Is anyone doing any good in the surf? What's running around this time heading down for vacation in a week.


----------



## tonyg89 (Sep 10, 2012)

I recommend going early in the mornings to beat the tourists if you plan on fishing a popular tourist area or you can try driving a bit farther south to the State Park and walking to the jetty or even a bit farther down to pawleys island or Georgetown. Those beaches are less crowded during the days. Plenty of mullet in the surf and creeks if you have a cast net. Also sand fleas are pretty easy to get too even if you don't have a rake for them you can just dig a bit below the sand and get a couple dozen quick. As for whats biting its been some decent size flounder and whiting for me. I have seen some people catch some nice over slot reds from the jetty and some nice keeper trout too. I suggest you bring a good variety of baits cause you never know what will be doing the best on a giving day.


----------



## jameswebstersc (Sep 20, 2012)

anth2525 said:


> Is anyone doing any good in the surf? What's running around this time heading down for vacation in a week.

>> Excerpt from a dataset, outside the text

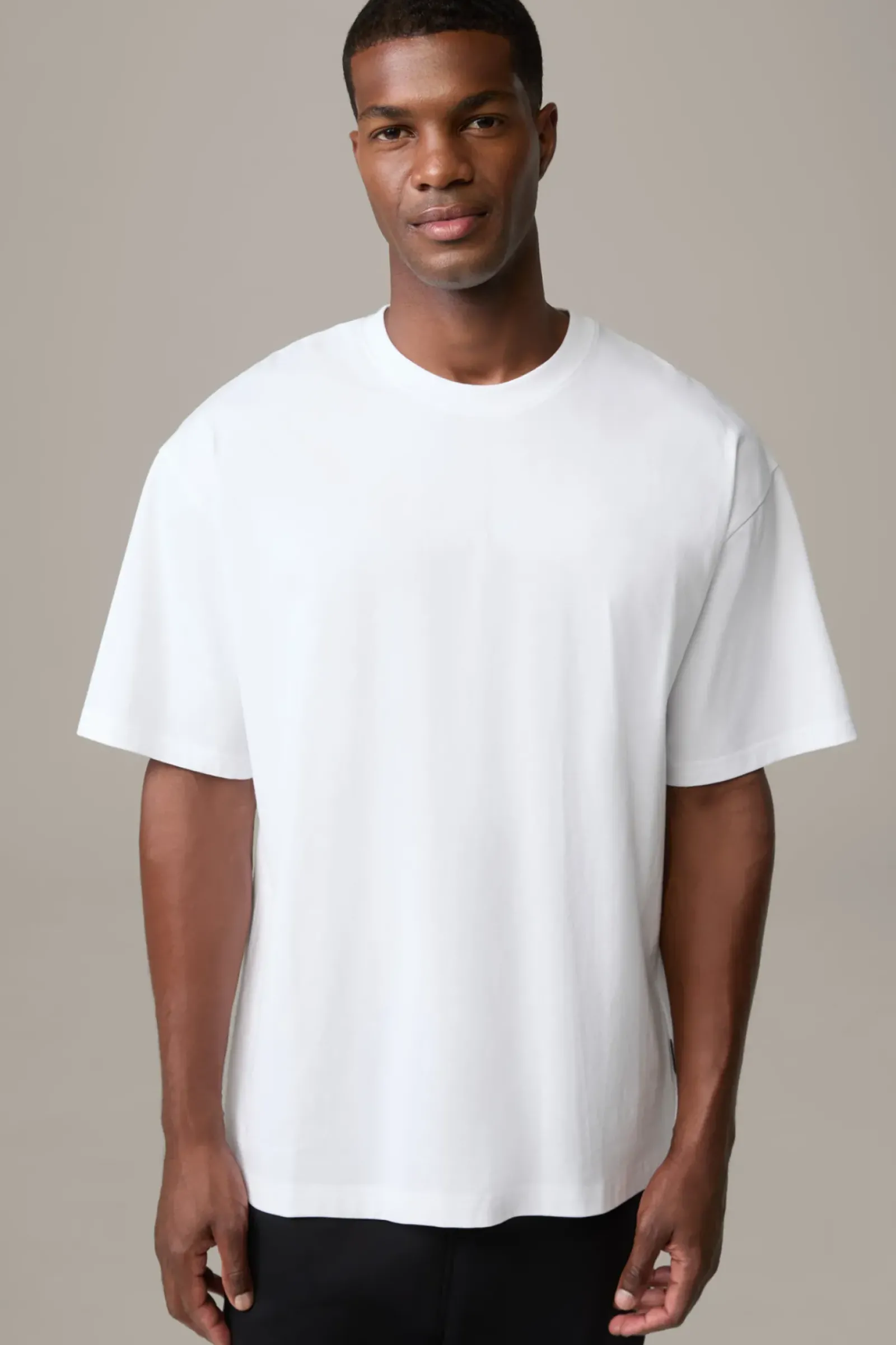 Basic Allrounder: T-Shirt Geza überzeugt mit Rundhalsausschnitt und doppelt vernähtem Saumabschluss, ikonisch ergänzt durch Rubber-Logo-Details.

whiting,pomps,ladyfish,pinfish and blues are on my list of what i'm catching


----------



## Elgreco (Aug 12, 2014)

Caught this lady with a mirrodine the other day.


----------



## Pomppair (Jun 10, 2013)

Pompano hit hard and steady last Saturday. We've had a great year so far 
Ready for the fall fun to begin!


----------



## anth2525 (Jun 23, 2014)

What type of rigs and bait are you using for pompano and the reds?


----------



## SpringmaidKeith (Jun 30, 2013)

there have been a few Spanish Macks bein caught on the pier for a few days now. Some nice Bluefish also It's a little early in my opinion on the southern migration(SMacks), but fish are fish. like pomppair said...ready for the fall run, might be a little early...spring & fall are the time to hit it. August is yes&no. Spot tail/puppyDrum/reds/red drum should start in a few weeks, remember the 'slot limit' please. We've had a really good flounder run for the past few weeks. Elgreco, hope you threw that lady fish back, thats why they call them that....good for nothin, kidding LADIES. Fish on & heres to a great fall fishin, Sept/Oct, Spot hopefully will hit SC late Oct. till early Dec. unless its like last fall, K


----------



## Elgreco (Aug 12, 2014)

I read they are really bony and not good to eat. It got tangled up in the treble hooks pretty good though.


----------



## RjTheMetalhead (Dec 3, 2011)

Elgreco said:


> I read they are really bony and not good to eat. It got tangled up in the treble hooks pretty good though.


Awesome live bait for sharks. I've put a couple out there for king bait before... They usually last about 4.2 seconds before a big fat spinner comes up from under the pier.

Good cut bait for everything.


----------